Текст книги "Звездоплаватели-трилогия(изд. 1960)"
Автор книги: Георгий Мартынов
Жанр:
Научная фантастика
сообщить о нарушении
Текущая страница: 5 (всего у книги 45 страниц) [доступный отрывок для чтения: 17 страниц]
Мы все четверо невольно вскрикнули от восторга, но изумительная по красоте картина исчезла так же быстро, как и появилась. Корабль снова влетел в облако. Опять за стёклами окон заклубился туман. Мы стали опускаться вниз.
Горы остались далеко позади. Под нами снова был океан.
Корабль пролетел расстояние почти в восемь тысяч километров, когда мы заметили, что становится всё темнее и темнее.
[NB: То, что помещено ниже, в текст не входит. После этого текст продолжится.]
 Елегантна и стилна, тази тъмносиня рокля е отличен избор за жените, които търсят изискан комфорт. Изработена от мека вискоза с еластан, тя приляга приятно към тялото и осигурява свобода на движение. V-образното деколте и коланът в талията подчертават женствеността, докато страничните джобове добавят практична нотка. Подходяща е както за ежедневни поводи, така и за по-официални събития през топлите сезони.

Очевидно, кончалась та половина Венеры, на которой был день, и мы летели в область ночи.
Камов обратился к обоим астрономам.
– Как обстоит дело с вашей программой? – спросил он.
– Выполнена.
– Пробы воздуха?
– Взяли четыре.
Действительно, мы увозили с собой воздух Венеры. В стенки корабля были вмонтированы небольшие герметически закрытые ящики, сделанные из платины. Ещё на Земле в них был создан полный вакуум. С помощью электрического тока можно было открыть маленькое отверстие и снова закрыть его. Четыре из этих ящичков были наполнены воздухом Венеры. На Земле этот воздух будет подвергнут анализу.
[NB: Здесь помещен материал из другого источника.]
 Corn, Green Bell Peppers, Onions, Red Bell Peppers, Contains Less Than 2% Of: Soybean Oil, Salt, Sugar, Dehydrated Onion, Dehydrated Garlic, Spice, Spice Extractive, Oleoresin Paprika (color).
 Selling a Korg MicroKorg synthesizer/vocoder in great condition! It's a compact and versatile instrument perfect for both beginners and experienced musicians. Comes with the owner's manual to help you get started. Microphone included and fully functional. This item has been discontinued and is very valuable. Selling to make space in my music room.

– Как у вас, Борис Николаевич? – спросил Камов.
– Сделано около трёхсот снимков, не считая киноплёнки.
Минуты две Камой молчал. Потом дрогнувшим голосом негромко произнёс:
– Корабль оставляет Венеру!
Как быстро пролетели эти незабываемые часы! Я бросил последний взгляд на покидаемую планету.
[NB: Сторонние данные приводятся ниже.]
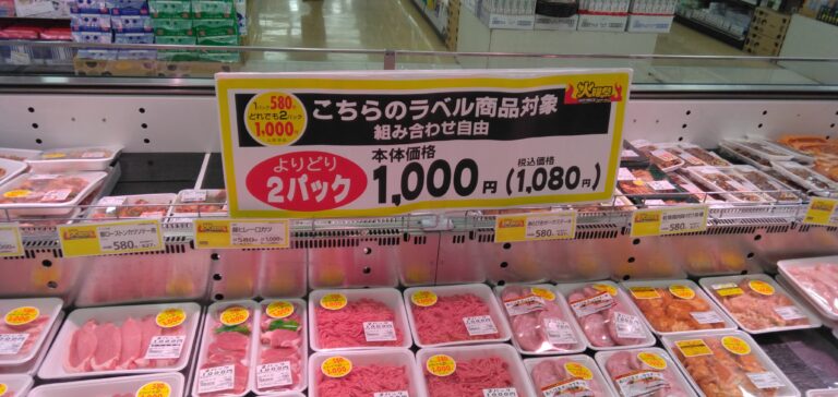 田和山店精肉コーナーではお買い得580円パックが2点合わせると更に1000円と160円の値引き相当になるより取りセールを開催中です。 ぜひともお買い求めくださいませ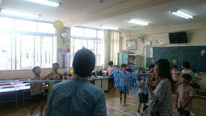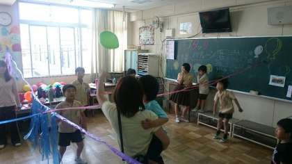 教室に2つコートを作り、風船バレーをします。5人ほどのお店番の子と対決します。たとえ1人で参加しても人数はそのままです!手加減なしで風船を打ち込んでくるので、大人も必死になり、楽しそうでした。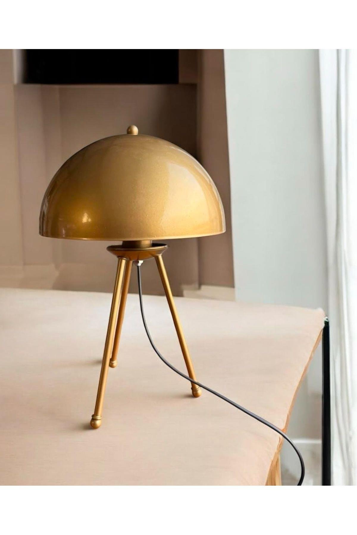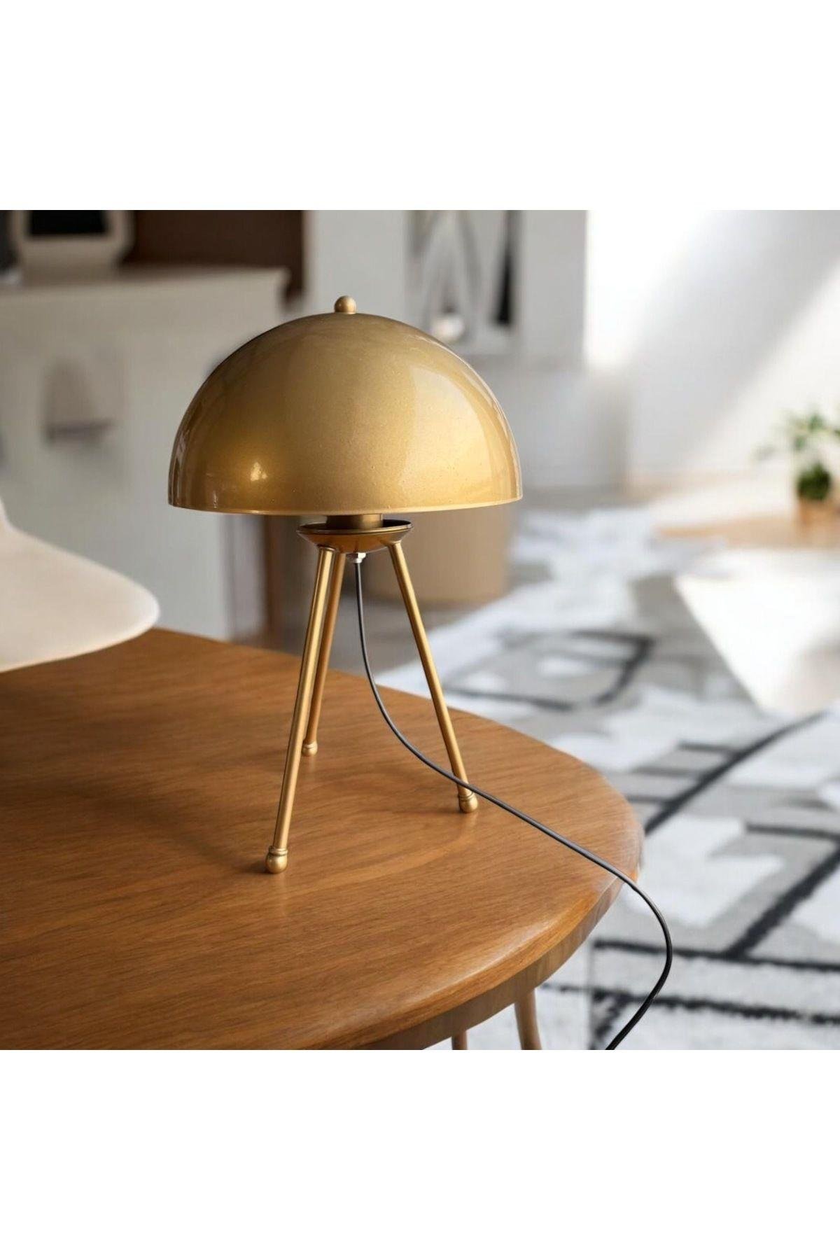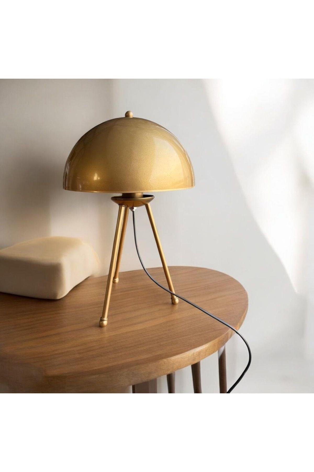 Modern Tasarım Mars Tripod Ayaklı Abajur Eskitme Gold Sarı Masa Lambası

Ты сурова, прекрасная сестра Земли. Твои грозы страшны! Но жизнь появилась!..
Пройдут тысячелетия, пройдут, быть может, миллионы лет, и всепобеждающая сила этой жизни наполнит твои леса, воды и воздух неведомыми сейчас существами.
Сквозь долгие века медленный путь эволюции приведёт к появлению могучего разума. В какой форме проявятся он?..
И тогда под горячими лучами твоего Солнца начнётся твоя история.
Я хочу верить, что она будет менее мучительна, менее кровава, чем на твоей далёкой сестре.
Если когда-нибудь на тебе появится существо, подобное человеку, я от всего сердца желаю ему жить счастливо на его прекрасной родине!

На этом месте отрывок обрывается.